Also, we will be a bit more sophisticated about how we merge error results for the Level.Detailed - only producing results for the cases that contribute to the failure case. (E.g. the failures for most keywords, the complete set of failures, or the multiple successes for oneOf)

Level.Verbose will continue to produce all of the output.

This will be available for you to try in 4.0.0-preview.9 some time later this week.

BTW - notice that the type constraint is not necessary when you have an enum keyword and your schema validation will be somewhat faster.

mwadams commented 2 weeks ago

@manekovskiy - The results for your example above will look like:

Validation failed
(#/allOf, CombinedDocumentSchema.json#/allOf, #): Validation - allOf failed to validate against the schema.
(#/allOf/1/$ref/properties/extendedSize/type, DocumentExtensionsSchema.json#/properties/extendedSize/type, #/extendedSize): Validation type - should have been 'string', 'integer'.
manekovskiy commented 2 weeks ago

Thank you for the update. The results look good!
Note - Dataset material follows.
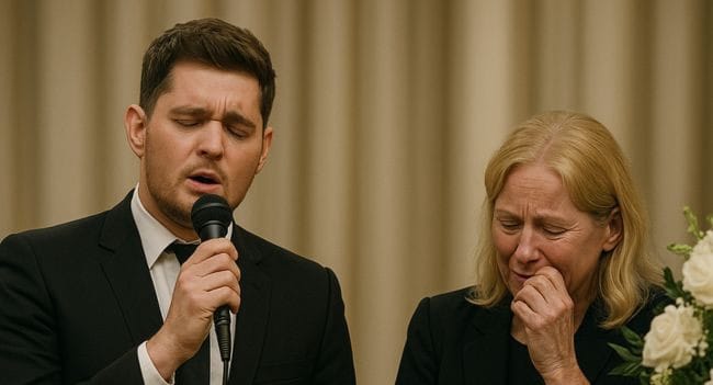 The internationally beloved artist appeared unannounced at Broussard’s Mortuary in Beaumont, Texas, dressed in black, his face solemn. As mourners sat in stunned silence, Bublé stepped forward, bowed his head, and softly asked, “May I sing her home?” What followed was a moment so raw, so deeply human, that it left every person in the room in tears.

It certainly helps to see the list of allowed types for the property on one line.


In a meanwhile, as a workaround, I invoke the validation with the ValidationLevel.Verbose, group the results by document location, and then within each group, I can determine if the errors are real or a byproduct of excessive verbosity.

mwadams commented 2 weeks ago

That's a reasonable (in fact, the intended!) approach.

The results are the consequence of applying the schema at that location.

The composition keywords aggregate those results in various ways up the tree to the root, where you get a final validation results.

These results can be used for things other than validation.

One quick tip - it is usually faster to do a quick ValidationLevel.Flag test first, and only do a full validation if that is not valid. That way you don't pay for collection for the common case of valid data.

mwadams commented 2 weeks ago

Fixed in 4.0.0-preview.9.